(HOW TO COMPLETE THIS TASK) Skip all pictures. Write out the data below from its first line through the line that contains "c. Insert the".

(SUPPLIED MATERIAL)
Content starts

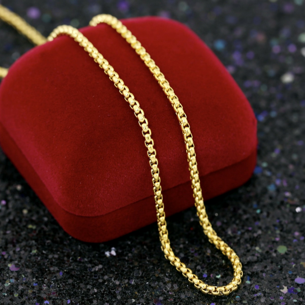 Contemporary Design: Features two classic box-style chains that offer a clean, geometric look suitable for any occasion.
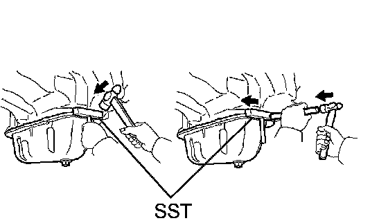 c. Insert the blade of SST between the oil pan and oil pan No.2, then cut off applied sealer and remove the oil pan No.2.
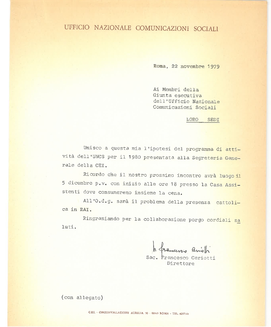 Lettera di don Francesco Ceriotti, direttore dell'Ufficio nazionale delle comunicazioni sociali - UNCS, a destinatario non indicato
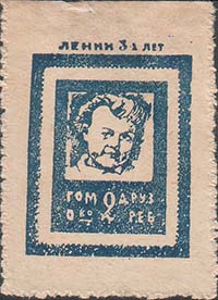 1925(?) г. Разм. 43 х 57 мм. Одноцветная печать на белой бумаге. В центре в прямоугольной рамке разм. 34 х 42,5 мм портрет Володи Ульянова трех лет. Сверху полукругом текст: «Помоготе беспризорным». Внизу текст: «21 апреля 1870». Ниже текст на армянском(?) языке.

Content ends

(WRITTEN SOLUTION)
 Contemporary Design: Features two classic box-style chains that offer a clean, geometric look suitable for any occasion.
 c. Insert the blade of SST between the oil pan and oil pan No.2, then cut off applied sealer and remove the oil pan No.2.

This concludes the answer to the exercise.